Stored entries
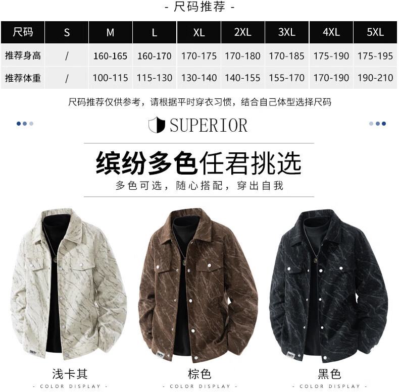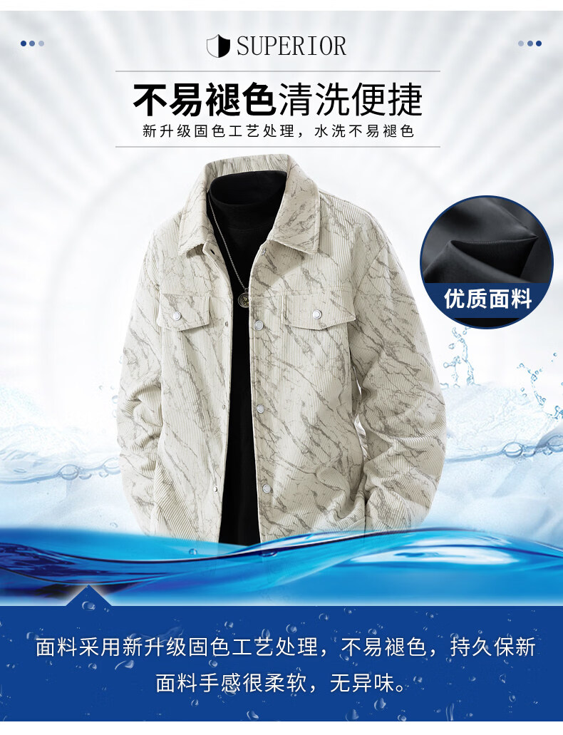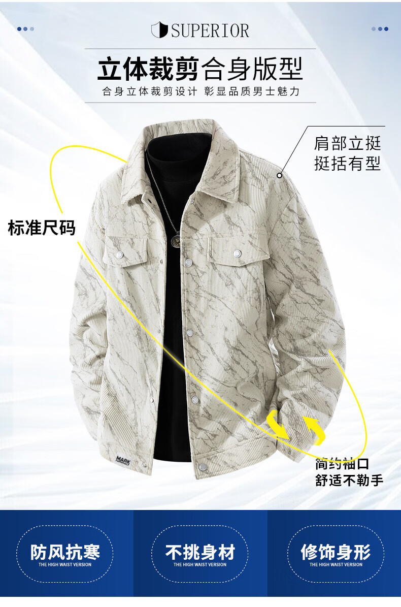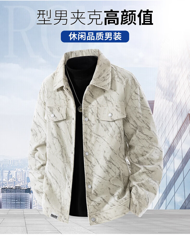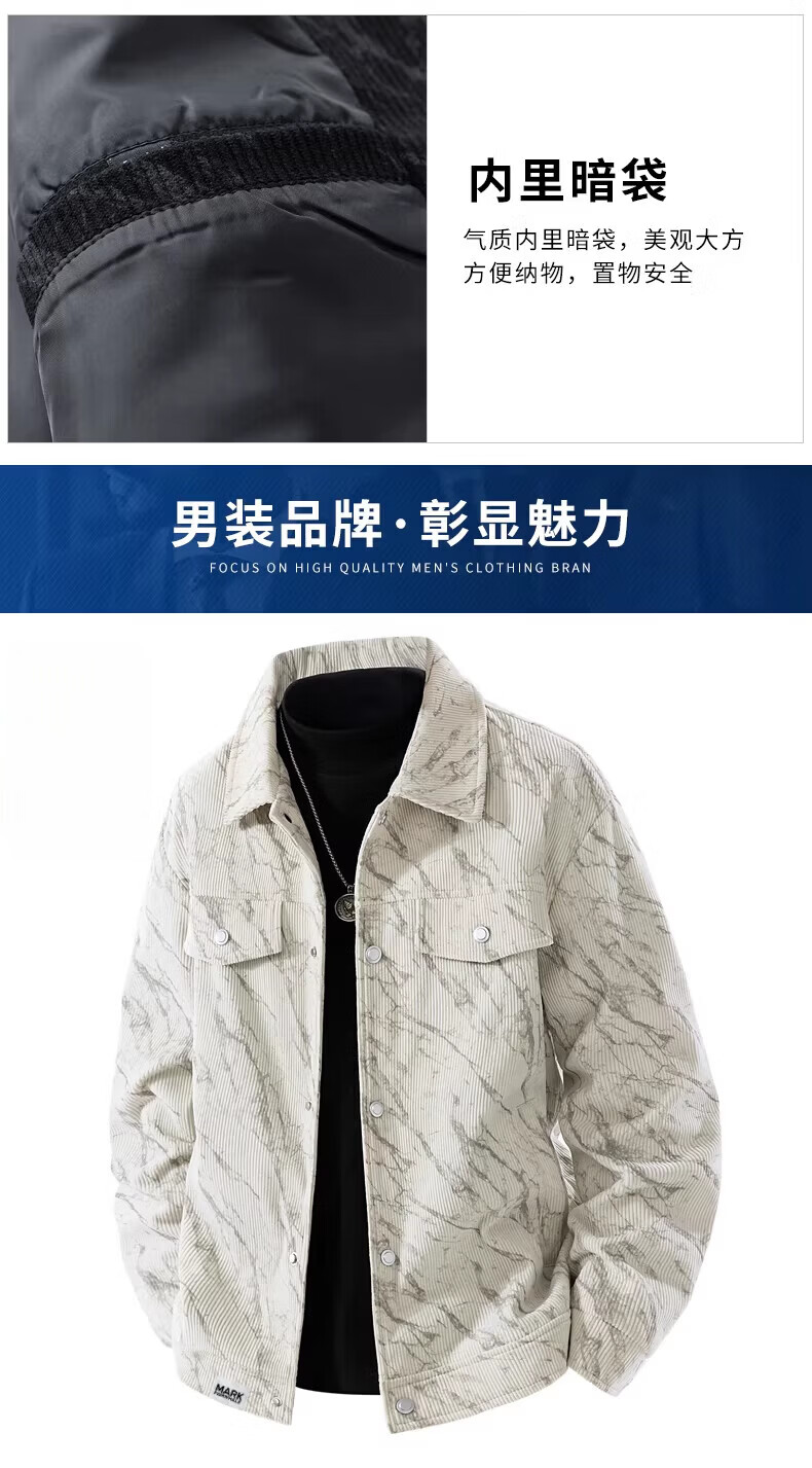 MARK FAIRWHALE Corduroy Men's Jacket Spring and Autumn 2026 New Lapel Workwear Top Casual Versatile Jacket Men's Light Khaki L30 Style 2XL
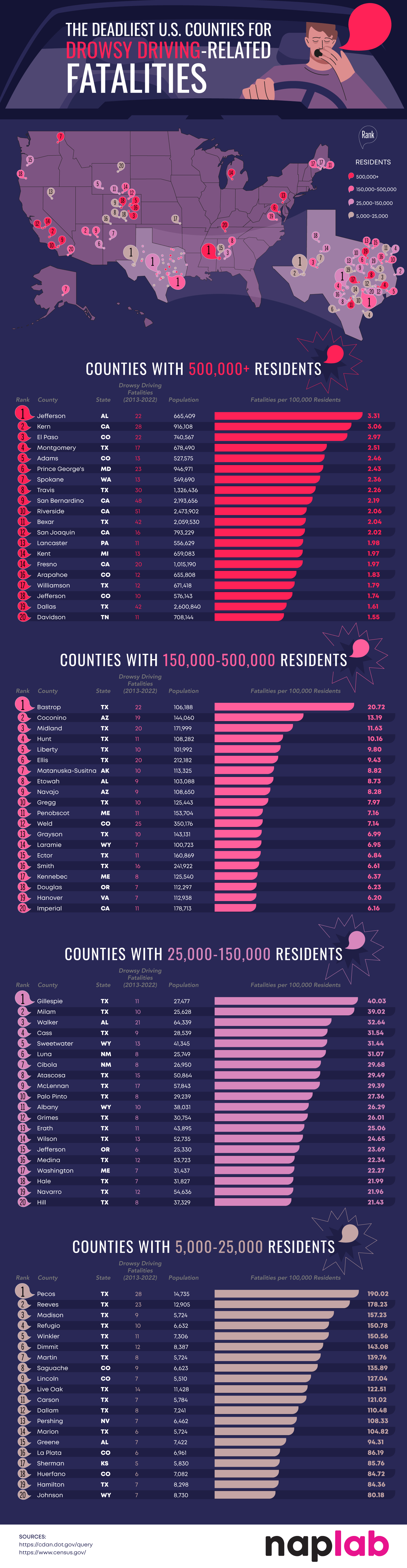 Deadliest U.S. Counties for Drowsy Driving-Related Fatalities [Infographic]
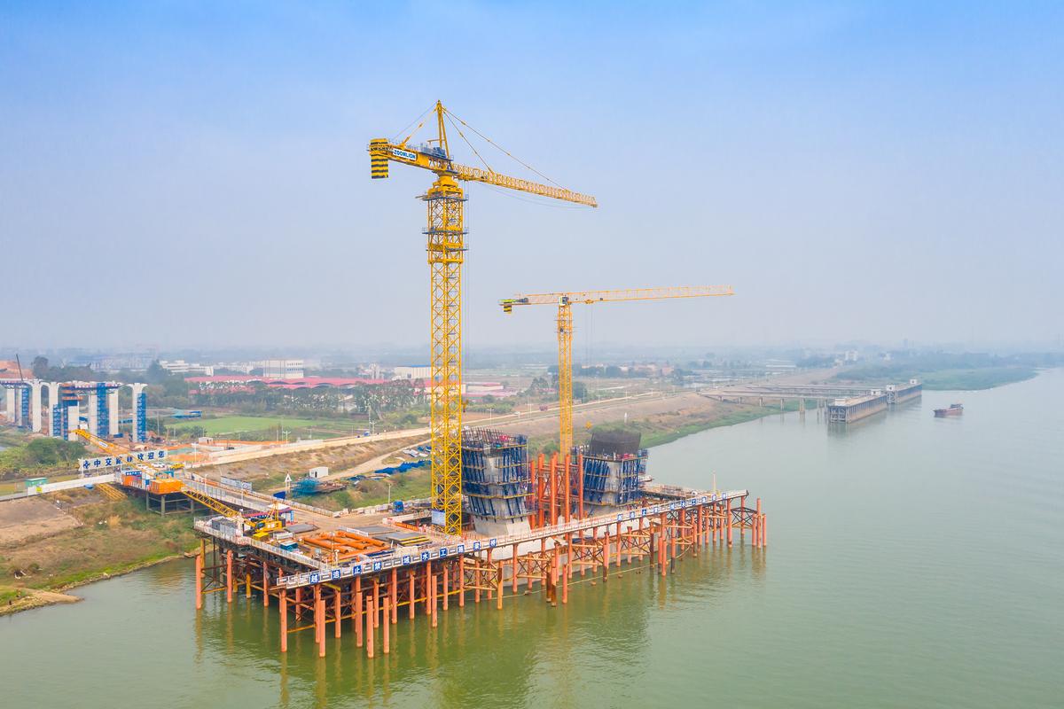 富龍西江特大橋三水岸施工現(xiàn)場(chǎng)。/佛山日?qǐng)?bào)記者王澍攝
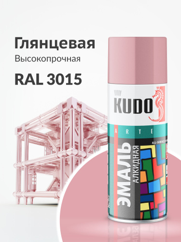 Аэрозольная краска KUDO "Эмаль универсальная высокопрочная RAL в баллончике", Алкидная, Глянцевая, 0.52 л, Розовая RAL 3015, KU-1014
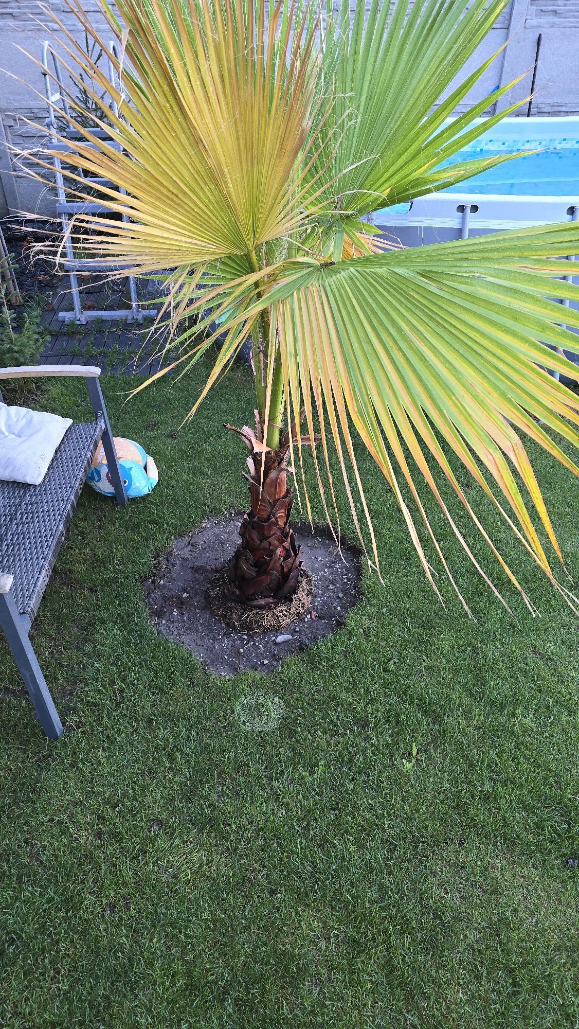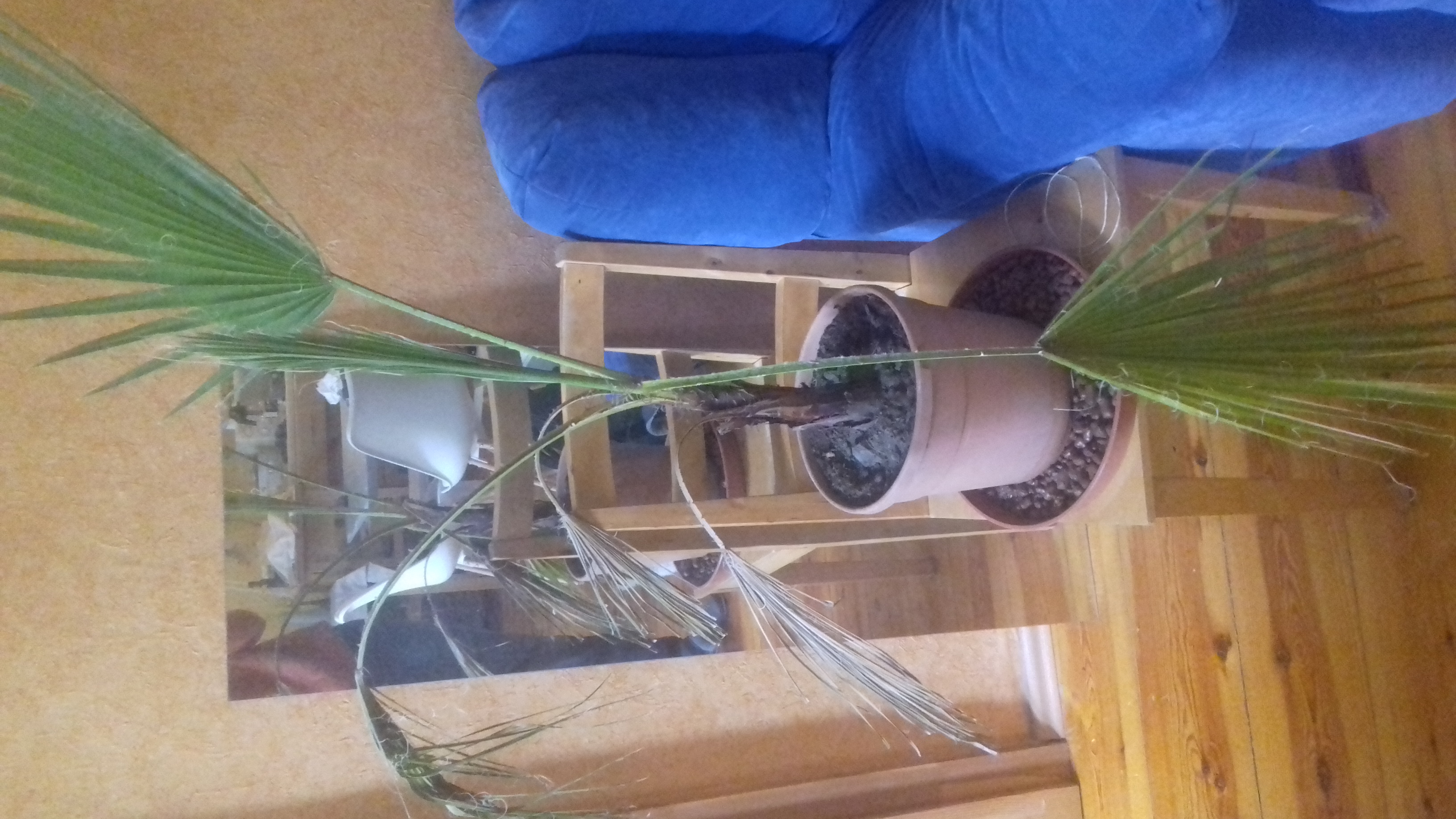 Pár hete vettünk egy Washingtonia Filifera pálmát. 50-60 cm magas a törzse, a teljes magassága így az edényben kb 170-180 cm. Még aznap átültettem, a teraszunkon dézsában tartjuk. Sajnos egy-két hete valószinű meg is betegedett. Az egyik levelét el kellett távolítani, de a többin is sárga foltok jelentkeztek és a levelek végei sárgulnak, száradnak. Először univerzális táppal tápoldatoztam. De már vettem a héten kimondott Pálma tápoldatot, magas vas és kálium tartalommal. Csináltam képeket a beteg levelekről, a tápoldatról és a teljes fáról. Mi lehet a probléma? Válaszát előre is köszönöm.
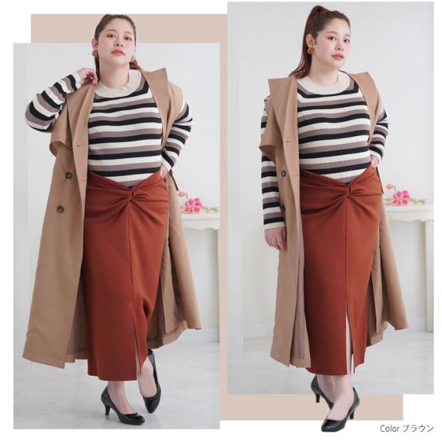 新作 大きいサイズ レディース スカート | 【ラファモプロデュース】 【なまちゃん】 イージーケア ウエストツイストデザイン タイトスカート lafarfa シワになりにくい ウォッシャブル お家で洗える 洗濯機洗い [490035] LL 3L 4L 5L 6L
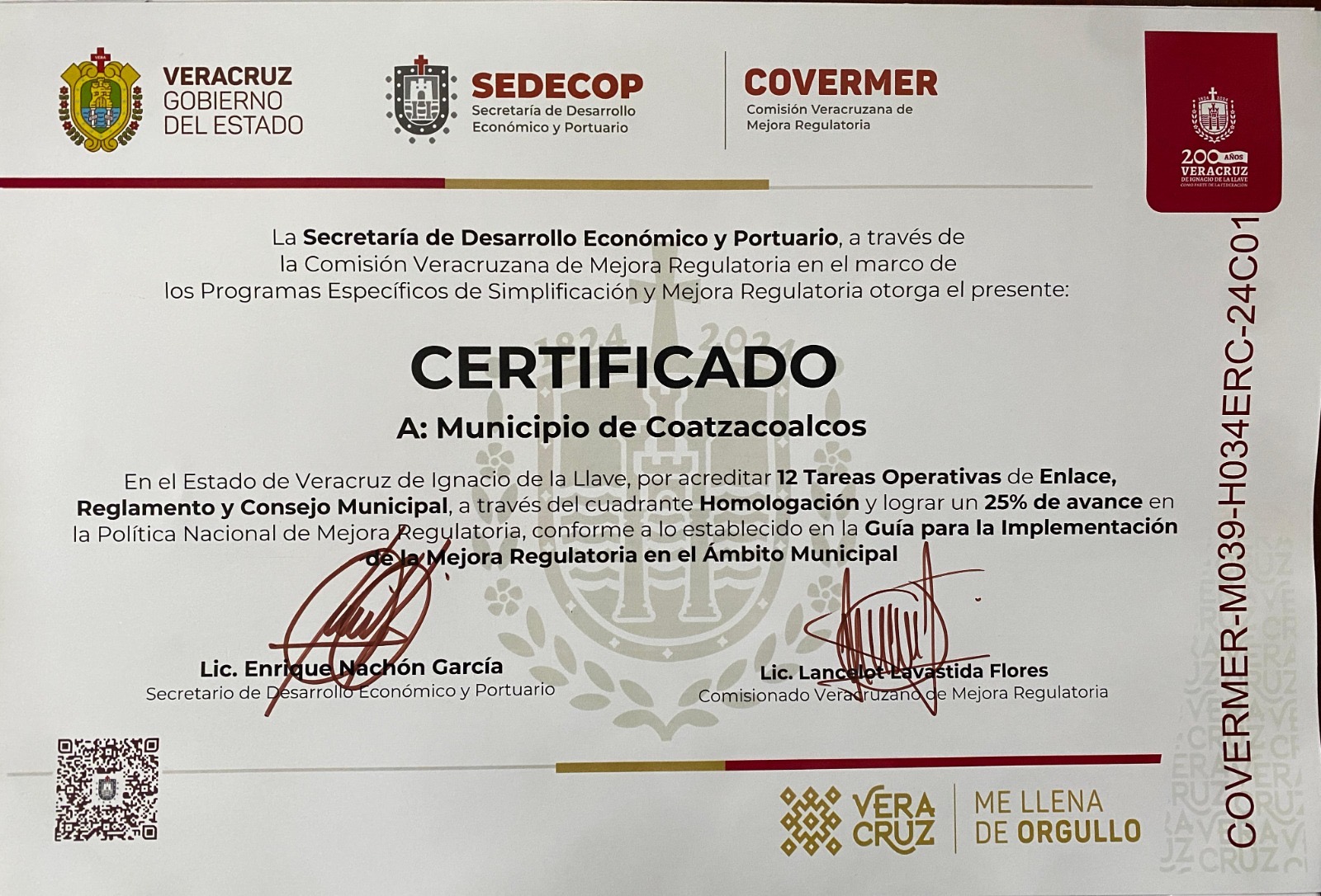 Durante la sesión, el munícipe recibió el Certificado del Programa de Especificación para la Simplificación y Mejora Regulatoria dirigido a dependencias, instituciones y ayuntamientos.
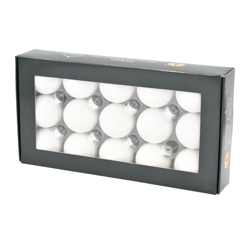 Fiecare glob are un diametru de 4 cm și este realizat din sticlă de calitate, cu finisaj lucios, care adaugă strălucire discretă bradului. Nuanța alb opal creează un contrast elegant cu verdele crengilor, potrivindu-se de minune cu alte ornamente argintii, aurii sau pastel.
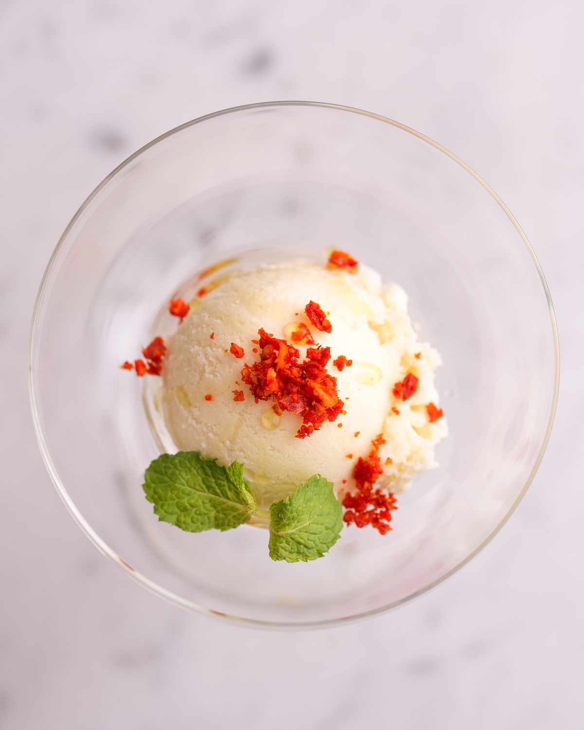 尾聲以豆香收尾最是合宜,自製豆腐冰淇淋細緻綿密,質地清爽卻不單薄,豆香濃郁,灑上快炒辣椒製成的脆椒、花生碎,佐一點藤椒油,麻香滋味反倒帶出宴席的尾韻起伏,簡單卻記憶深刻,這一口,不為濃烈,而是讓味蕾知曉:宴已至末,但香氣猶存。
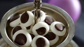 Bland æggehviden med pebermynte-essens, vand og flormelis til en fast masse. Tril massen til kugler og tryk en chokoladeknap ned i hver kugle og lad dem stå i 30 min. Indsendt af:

# [WHAT YOU NEED TO DO]
Print exactly the first line of the entries and every line after it through the one that contains "尾聲以豆香收尾最是合宜,自製", leaving the pictures out.

# [ANSWER SECTION]
 MARK FAIRWHALE Corduroy Men's Jacket Spring and Autumn 2026 New Lapel Workwear Top Casual Versatile Jacket Men's Light Khaki L30 Style 2XL
 Deadliest U.S. Counties for Drowsy Driving-Related Fatalities [Infographic]
 富龍西江特大橋三水岸施工現(xiàn)場(chǎng)。/佛山日?qǐng)?bào)記者王澍攝
 Аэрозольная краска KUDO "Эмаль универсальная высокопрочная RAL в баллончике", Алкидная, Глянцевая, 0.52 л, Розовая RAL 3015, KU-1014
 Pár hete vettünk egy Washingtonia Filifera pálmát. 50-60 cm magas a törzse, a teljes magassága így az edényben kb 170-180 cm. Még aznap átültettem, a teraszunkon dézsában tartjuk. Sajnos egy-két hete valószinű meg is betegedett. Az egyik levelét el kellett távolítani, de a többin is sárga foltok jelentkeztek és a levelek végei sárgulnak, száradnak. Először univerzális táppal tápoldatoztam. De már vettem a héten kimondott Pálma tápoldatot, magas vas és kálium tartalommal. Csináltam képeket a beteg levelekről, a tápoldatról és a teljes fáról. Mi lehet a probléma? Válaszát előre is köszönöm.
 新作 大きいサイズ レディース スカート | 【ラファモプロデュース】 【なまちゃん】 イージーケア ウエストツイストデザイン タイトスカート lafarfa シワになりにくい ウォッシャブル お家で洗える 洗濯機洗い [490035] LL 3L 4L 5L 6L
 Durante la sesión, el munícipe recibió el Certificado del Programa de Especificación para la Simplificación y Mejora Regulatoria dirigido a dependencias, instituciones y ayuntamientos.
 Fiecare glob are un diametru de 4 cm și este realizat din sticlă de calitate, cu finisaj lucios, care adaugă strălucire discretă bradului. Nuanța alb opal creează un contrast elegant cu verdele crengilor, potrivindu-se de minune cu alte ornamente argintii, aurii sau pastel.
 尾聲以豆香收尾最是合宜,自製豆腐冰淇淋細緻綿密,質地清爽卻不單薄,豆香濃郁,灑上快炒辣椒製成的脆椒、花生碎,佐一點藤椒油,麻香滋味反倒帶出宴席的尾韻起伏,簡單卻記憶深刻,這一口,不為濃烈,而是讓味蕾知曉:宴已至末,但香氣猶存。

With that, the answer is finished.